Aujourd’hui, plus qu’hier,  j’apprécie ces mots de Sénèque :

« On doit punir, non pour punir, mais pour prévenir.  »

ce n’est cependant pas sur ce thème que le billet est rédigé  mais sur les assertions lues qui, pour le moins, méritent quelques nuances.

 

On vous assure que le « drugtesting » est un outil de la réduction des risques liés à la consommation des stupéfiants. On élague donc la dangerosité toxique du produit analysé en rassurant le consommateur quant à la qualité du produit issue de l’analyse…

L’usage du stupéfiant choisi reçoit donc un « label de conformité » officiel, une forme d’encouragement à la consommation par la banalisation des risques inhérents aux produits illégaux, souvent frelatés par d’autres substances lesquelles seraient les seules, finalement, à mettre en danger le consommateur…

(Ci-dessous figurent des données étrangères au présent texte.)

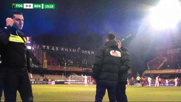 Foggia-Benevento, gara valida per la 25^ giornata del campionato di serie B, è stata momentaneamente sospesa dopo circa 16 minuti di gioco a causa del lancio di numerosi petardi da parte della tifoseria beneventana. Una volta placati gli animi, la gara ha ripreso il suo naturale svolgimento dopo quasi 2 minuti di sospensione. In alto la foto in questione.
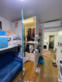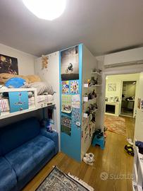 salve come da titolo vendesi cameretta completa di tutto il necessario per fino i giocatoli la cameretta e composta di un letto sopra e di divanoletto matrimoniale come si vede in foto una bella cabina armadio scrivania più sedia più mobile per i giocattoli con dei giocattoli compresi per altre info non esitate nel scrivermi tutto con fattura prezzo trattabile
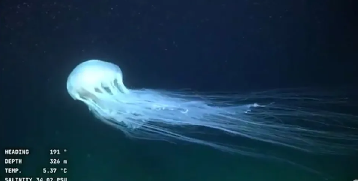 • Una gran medusa blanca, también conocida como aguaviva, con tentáculos que se mecen al ritmo de las corrientes.
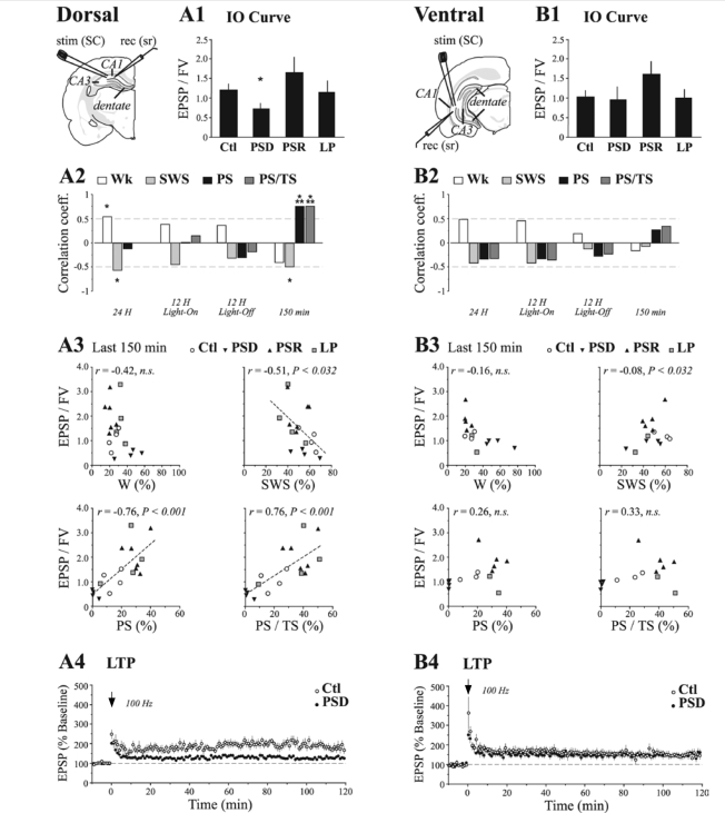 PSD selectively impaired LTP and excitatory synaptic transmission in the dorsal, but not the ventral, CA1. Left panel: Experiments performed in the dorsal hippocampus as shown by the schematic illustration of the recording site. (A1) PSD altered CA1 synaptic efficacy in the dorsal hippocampus. The summary bar graphs illustrate the mean I/O slopes (± SEM) for each condition. The I/O slopes in the dorsal hippocampus was significantly decreased in PSD (n = 7, 13 slices) compared to Ctl (n = 8, 15 slices, P < 0.02) and PSR (n = 7, 12 slices P < 0.01). (A2) Relationship between the vigilance state quantity and the I/O slope. The correlation coefficient r is represented for each vigilance state during the previous recording day, light-on and light-off periods, and the final 150 min before sacrifice. (*P < 0.05, ***P < 0.001). (A3) Regression analysis for the last 150 min period illustrated in A2. The scatter plots show a strong correlation between I/O slopes and PS quantity or PS efficacy in the dorsal hippocampus. SWS is negatively correlated with I/O slopes (n = 18; empty circle: Ctl, up arrow: PSR, down arrow: PSD, grey square: LP).(A4) Early phase of CA1 LTP is impaired by PSD in the dorsal hippocampus (illustrated in Figure 1). Right panel: Experiments performed in the ventral hippocampus as shown by the schematic illustration of the recording site.(B1) In contrast to the dorsal hippocampus, there was no significant difference between conditions in the ventral hippocampus.(B2-3) No correlation was obtained between the vigilance state quantity and the I/O slopes in the ventral hippocampus. (B4) Same amount of CA1 LTP in the ventral hippocampus of PSD (n = 4) and Ctl rats (n = 4).
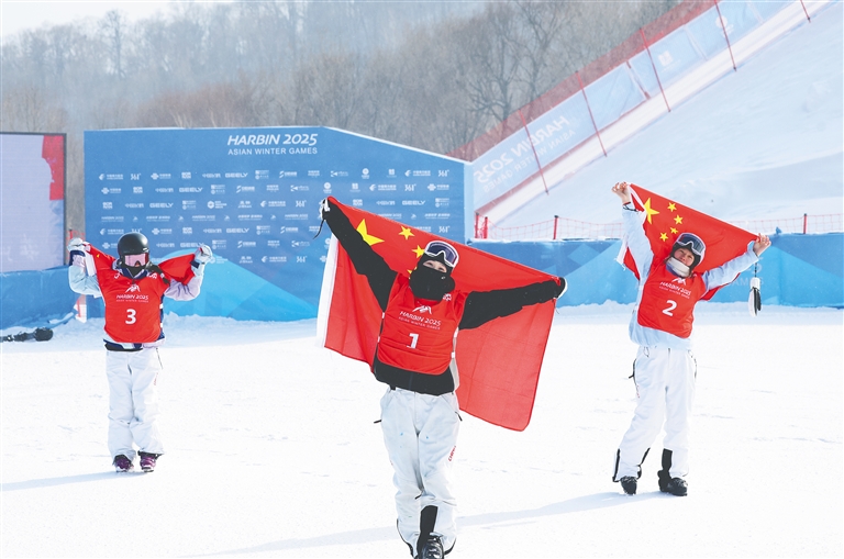 2月12日,在亚布力举行的第九届亚冬会自由式滑雪女子大跳台决赛中,中国选手刘梦婷、韩林杉、杨如意分别获得冠、亚、季军。

L’encart « Comment ça marche », pudiquement, ne fait aucune allusion aux réactions du consommateur auquel le verdict de l’analyse  annonce que la « dose » achetée est inconsommable.

 Puis, surtout, quelle sera la réponse officielle apportée ?   L’Etat offrira t’il  alors une dose de substitution ?

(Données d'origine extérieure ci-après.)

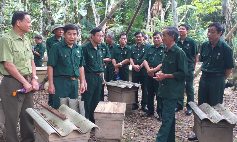 Lãnh đạo Hội CCB tỉnh tham quan mô hình nuôi ong của CCB Đinh Xuân Khách, xã Xuân Hóa (Minh Hóa).

Ensuite cette affirmation « imparable » : « le drugtesting» un succès à Zürich depuis douze ans !

Si ce succès  zurichois est le résultat des 70 contrôles opérés lors de la « street Parade » de 2012 avec plus d’un million de participants, je le trouve bien mince comparé aux dangers de la banalisation de la consommation.

Dommage aussi que les coûts engendrés par ce nouveau dispositif, pour le personnel, matériel, véhicule, soient occultés car n’oublions pas que vous êtes le payeur de ces « innovations »  comme contribuable.

La causticité de ce billet découle des mises en garde que vous pouvez lire sur toutes les « autres » documentations des organismes de prévention :

  • Santé et sécurité  au travail
  • Pratique des sports
  • Circulation routière
  • Etc.

 

Tous préviennent :

Un des principaux ennemis de la prévention est la banalisation des risques.

Il est tout de même paradoxal que seule la prévention de la toxicomanie puisse faire fi voire occulter  cette recommandation.

Vous trouvez ça normal ?  Moi pas.


Un peu de baume philosophique …

« Je ne suis libre qu'à la condition de m'accomplir dans mon désir d'être heureux, selon mes talents propres, et le seul devoir que cela exige est de me vouloir autonome (maître de moi), à savoir : me réaliser comme valeur dans ma puissance autonome d'agir et d'être par moi-même.

Etre libre implique de se vouloir un "je" qui se détermine lui-même pour être content de soi.  En cela devoir d'être autonome et devoir d'être heureux avec soi et les autres se confondent. Ce qui a toujours été l'idéal à la fois théorique et pratique de la sagesse antique (eudémonisme). »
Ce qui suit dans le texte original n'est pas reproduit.